We have implemented and tested our proposal both objectively and subjectively, using both our University WAN and our laboratory LAN.

Network quiz shows and multimedia content distribution applications are examples of applications that require multimedia group synchronization. In a network quiz show is very important that each receiver receives information (for example, a multimedia question transmitted in several multimedia streams) at the same time and, as a result, has a fair chance of answering.

1.1 Definitions

There are three types of multimedia synchronization: intra-stream, inter-stream and group synchronization.

  1. 1.

    Intra-stream synchronization refers to the temporal relationship between the media units (MUs) of one time-dependent media stream. In [17], there is a survey of algorithms providing this type of synchronization. We will assume that intra-stream synchronization is provided by buffering methods, such as the ones proposed in [17]. Our algorithm provides the remaining two types of synchronization at the receivers’ application layer.

  2. 2.

    Inter-stream Synchronization refers to the synchronization between media streams. In remote user speech, the synchronization between the user’s audible words and the associated movement of the lips, referred to as Lip synchronization or lip-sync [15], is an example of this type of synchronisation.

  3. 3.

    Group synchronization refers to the synchronization of the playout of one or more media streams by several receivers at the same time. The playout of a film and commentaries sent by a teacher to all the students in a distance teaching system is one example of this type of synchronization. Another example is a simple network quiz show in which the winning contestant is the first one to answer a presenter’s test question correctly. Figure 1 illustrates group synchronization for a video sequence (only one stream) showing a bouncing ball. There are two synchronization requirements: synchronization of the Initial Playout Time (starting point) for all the receivers and maintaining a controlled asynchrony between receivers (within allowed bounds decided by the application user).

Fig. 1
figure 1

Group synchronization

1.2 Related work

We have found numerous proposed algorithms for achieving intra and inter-stream synchronization in different scenarios [4, 8, 9, 15, 17, 2226] but very few proposals for achieving group synchronization [1, 6, 10, 30]. Our work on a qualitative comparisson of both types of synchronization algorithms can be found in [3], including the proposal presented in this paper.

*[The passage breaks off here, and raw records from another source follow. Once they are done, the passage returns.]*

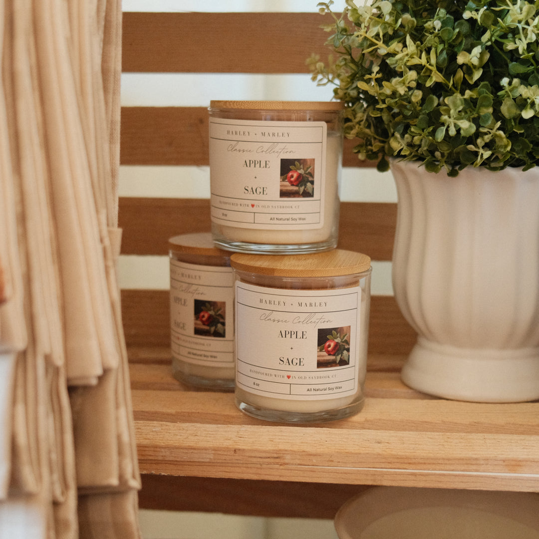 Each of our candles is hand-poured with love right here in Essex, CT. Made with 100% soy wax, our candles are free of parabens, phthalates, dyes, and paraffin, and we use only cotton wicks that are lead- and zinc-free for a clean, eco-friendly burn.
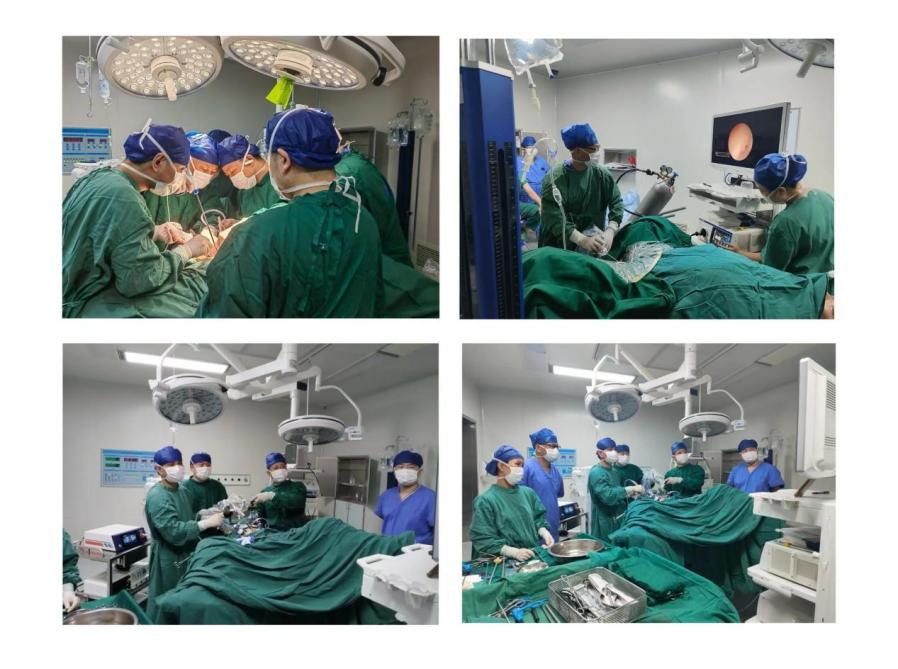 面對這一“棘手”病例,醫(yī)院外科學(xué)科帶頭人迅速集結(jié)泌尿外科、普外科、腫瘤科、重癥醫(yī)學(xué)科、手術(shù)麻醉科等多學(xué)科,組建MDT(多學(xué)科協(xié)作診療)團隊,聯(lián)合楊吉勇博士,對患者進行全方面會診、評估,制定個體化最優(yōu)手術(shù)方案。并對患者實施:經(jīng)尿道輸尿管鏡下左輸尿管結(jié)石鈥激光碎石取石術(shù)+左輸尿管支架置入術(shù)+腹腔鏡輔助乙狀結(jié)腸癌根治術(shù)+膀胱部分切除術(shù)(成功保留左側(cè)輸尿管開口)+橫結(jié)腸造口還納術(shù)。手術(shù)臺上各學(xué)科專家各施所長、密切配合,歷時6小時,成功完成此項高難度手術(shù)。目前患者已從ICU轉(zhuǎn)入普通病房進行后續(xù)治療。
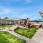– Secure backyard featuring a garden shed for extra storage
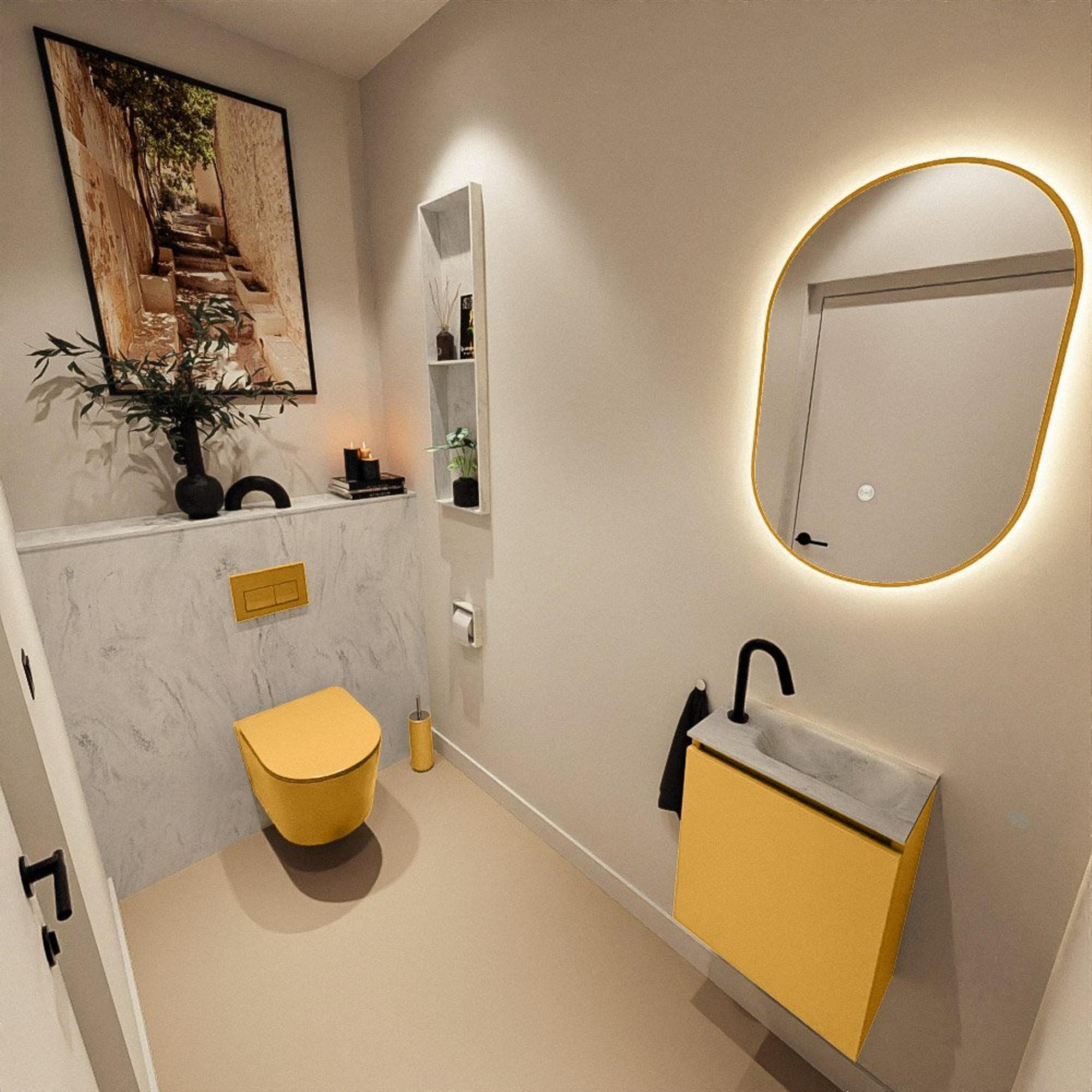 MONDIAZ TURE-DLUX 40cm toiletmeubel Ocher. EDEN wastafel Opalo positie rechts. Met 1 kraangat.
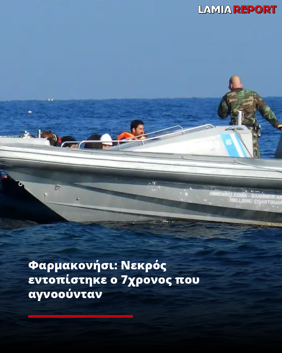 Τραγική κατάληξη είχε η υπόθεση του 7χρονου αγοριού που αγνοείτο, μετά τον εντοπισμό 40 αλλοδαπών σε θαλάσσια περιοχή κοντά στο Φαρμακονήσι, τις πρώτες πρωινές ώρες της Κυριακής, 22 Ιουνίου 2025.

There are many solutions to the inter-stream synchronization problem but all of them use specific control messages or protocols to exchange information required for synchronization. To summarise, we point out two examples which our proposal draws from: the Feedback Protocol [2326] and the Feedback Global Protocol [8, 9]. The former uses local clocks whereas the latter uses a global time reference. Both are adaptive, valid for multicast and use a master/slave scheme and feedback techniques to exchange information between sources and receivers. They provide intra and inter-stream synchronization but not group synchronization. Both take into account the limits presented by Steinmetz in [28].

We have found very few solutions to the group synchronisation problem. All of them are receiver-based and instead of using standard protocols, they exchange specific control messages between sources and receivers, increasing the network load. There is only one solution [6] which uses RTP (and RTCP, but only for QoS and not for synchronization purposes). The solution proposed in [1] and the VTR algorithm [10] are worth emphasising. Both solutions use one receiver as the synchronization reference (master/slave scheme) and receivers synchronize with this reference by exchanging synchronization information. This results in a considerable additional network load. The algorithm proposed in [1] also synchronizes the initial playout time for all the receivers. Subsequently, Ishibashi et al. have used their solution [10] for group synchronization control with continuous and haptic media [11, 13].

Apart from these solutions for multimedia synchronization, we have found two RFCs related to our work. RFC 4585 [21] and RFC 4586 [5] define and evaluate new extensions for the Audio-Visual Profile (AVP) for RTCP-based feedback (RTP/AVPF). These extensions enable receivers to statistically provide more immediate feedback to senders and thus allow for short-term adaptation and efficient feedback-based repair mechanisms to be implemented. RFC 4585 also defines a small number of general purpose RTCP feedback messages. In our proposal we use well known RTP/RTCP capabilities: new extensions for RTCP RR packets [27] and for RTCP APP [27] packets for synchronization.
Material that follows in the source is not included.